The government has reached agreement with the food industry over further salt reductions and better information for consumers about food, but has yet to reveal whether it plans to press ahead with the tobacco display ban.
Unveiling the government’s much-anticipated public health White Paper, dubbed ‘Healthy Lives, Healthy People’, health secretary Andrew Lansley said he wanted to “nudge wherever possible and nanny only where necessary”.
As part of the White Paper, the government announced a new Public Health Responsibility Deal, through which it will work collaboratively with business and the voluntary sector.
The deal, to be launched early next year, will be spread over five networks covering food; alcohol; physical activity; health at work; and behaviour change.

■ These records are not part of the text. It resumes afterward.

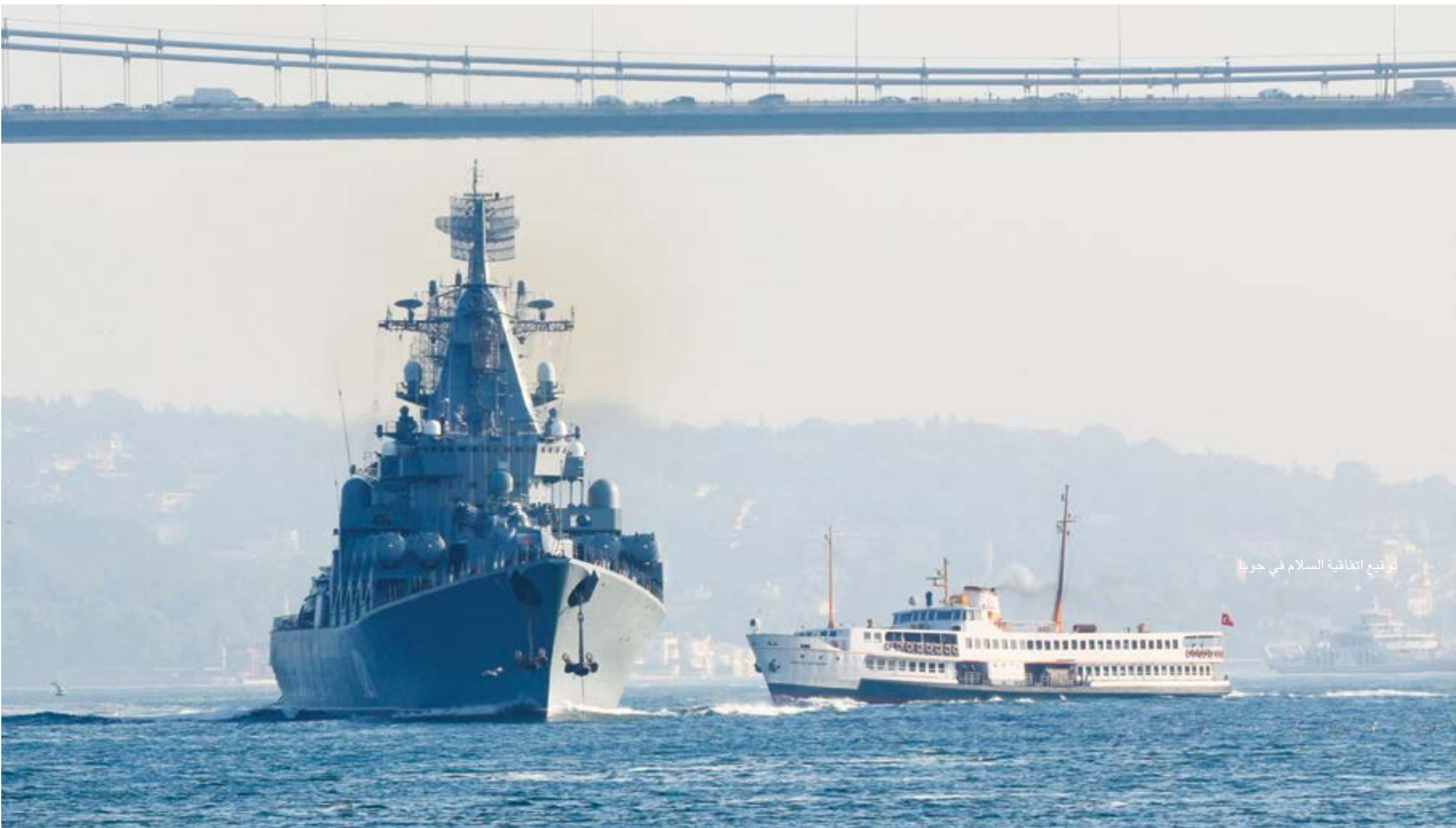
توقيع اتفاقية السلام في جوبا

مصدر الخطر الرئيسي هو الصين مستقبلاً؛ وشكل اللقاء بين بوتين وبايدن في جنيف السويسرية هذا الأسبوع فرصة للحديث عن منها اتفاقيات واقعية وهي الحد المفترض من الأسلحة النووية أو في شيء أشمل.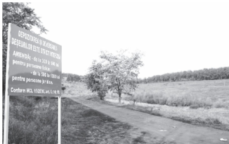
A Kerekerdő – itt lesz a szabadidőpark

– Beiktatásom óta minden egyes lakossági panaszt kivizsgáltunk, a legrövidebb idő alatt megoldást találtunk rájuk, és értesítettük az érintettet az ügy kimeneteléről. Fontosnak tartottam, hogy rendet teremtsünk a közszolgáltató vállalatnál is, ezért egyeztetünk a RAGCL vezetőségével. A hosszú távú, jó együttműködés érdekében sikerült megszűntetni a szolgáltató által felfújt, irreális számlázásokat az önkormányzat számára. Kitértő utánajárással felszámoljuk a Görgé-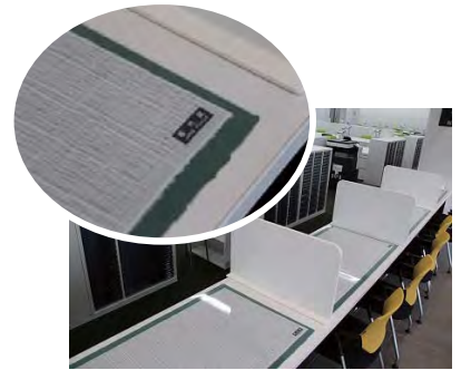
播州織の下敷きの受付カウンター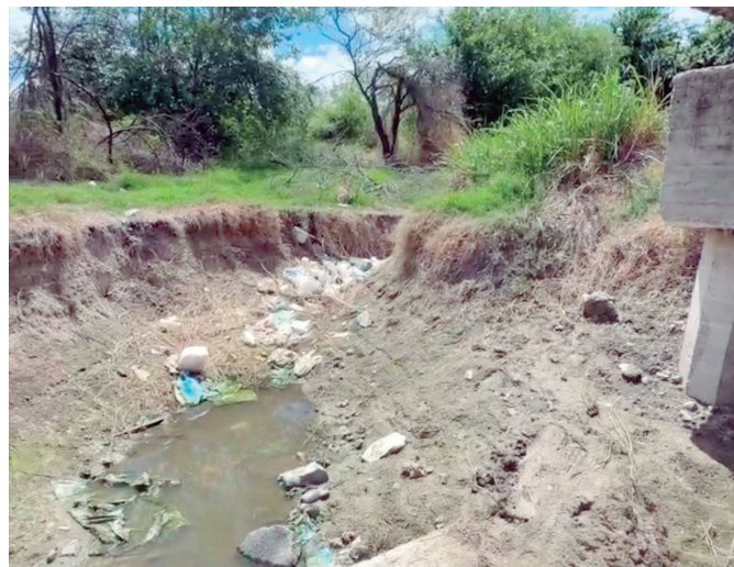
El predio propuesto presenta zonas inundables y un arroyo, según denunciaron ediles durante una inspección en el sitio.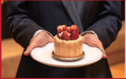
シャルロット・フレーズ

みのりカフェ長崎駅前 | 1,969円 | ■長崎市尾上町1-67(長崎街道かもめ市場1F) ■電話番号:095-893-8222

Through this deal it said it would be able to announce the agreements on salt, food information and the promotion of more socially responsible retailing and consumption of alcohol.
The current Change4Life campaign will be expanded, though initiatives such as the ‘Great Swapathon', a £250m partner-funded voucher scheme to make healthy choice easier.
It was also confirmed that the government was considering moving tobacco products into plain packaging.
But there was no further clarity on whether it supported the removal of tobacco display, which takes effect in October 2011. An announcement on this would follow shortly it said.
Health secretary Andrew Lansley will speak at The Grocer's food & health debate on 2 February.
Read more
Are Lansley’s plain fag pack proposals fake, feint or sop? (analysis; 27 November 2010)
New approach to public health hailed by industry (10 July 2010)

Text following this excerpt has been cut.